What you need to do: Your reply should consist only of the lines from the one holding "Four piece Chinese" to the last line of the data below, written out exactly and without pictures.

Data extract:
■ ■ ■ ■ ■

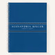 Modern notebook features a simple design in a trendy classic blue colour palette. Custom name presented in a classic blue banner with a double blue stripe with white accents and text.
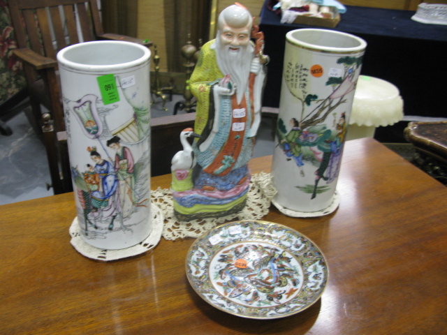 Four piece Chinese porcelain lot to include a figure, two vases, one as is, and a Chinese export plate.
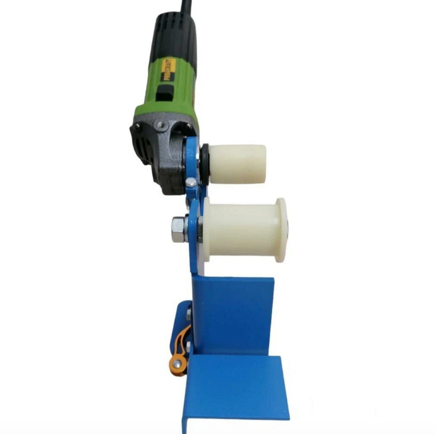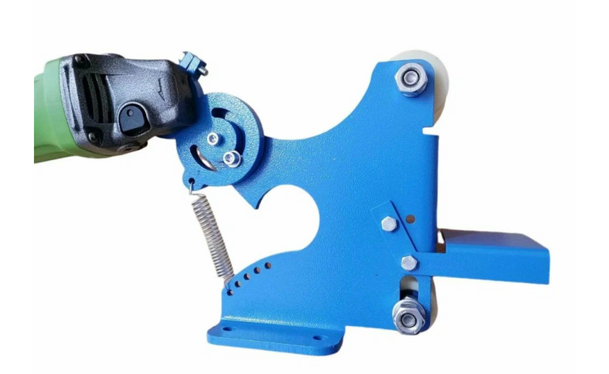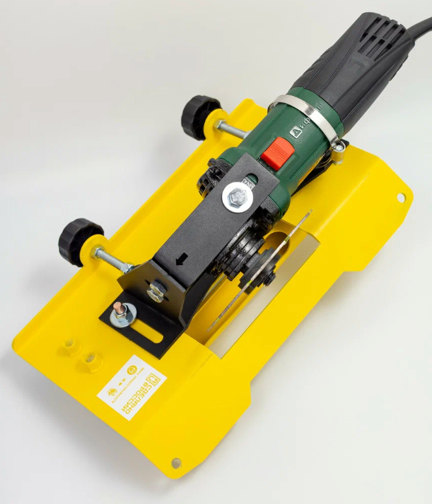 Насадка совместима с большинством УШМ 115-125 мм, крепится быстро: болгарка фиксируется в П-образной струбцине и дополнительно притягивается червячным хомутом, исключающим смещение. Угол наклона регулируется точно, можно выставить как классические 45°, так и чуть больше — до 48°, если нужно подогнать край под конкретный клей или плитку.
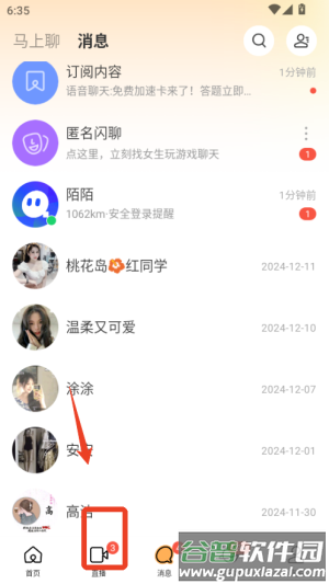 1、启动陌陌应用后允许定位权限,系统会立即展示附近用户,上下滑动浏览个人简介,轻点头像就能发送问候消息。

■ ■ ■ ■ ■

The completed task:
 Four piece Chinese porcelain lot to include a figure, two vases, one as is, and a Chinese export plate.
 Насадка совместима с большинством УШМ 115-125 мм, крепится быстро: болгарка фиксируется в П-образной струбцине и дополнительно притягивается червячным хомутом, исключающим смещение. Угол наклона регулируется точно, можно выставить как классические 45°, так и чуть больше — до 48°, если нужно подогнать край под конкретный клей или плитку.
 1、启动陌陌应用后允许定位权限,系统会立即展示附近用户,上下滑动浏览个人简介,轻点头像就能发送问候消息。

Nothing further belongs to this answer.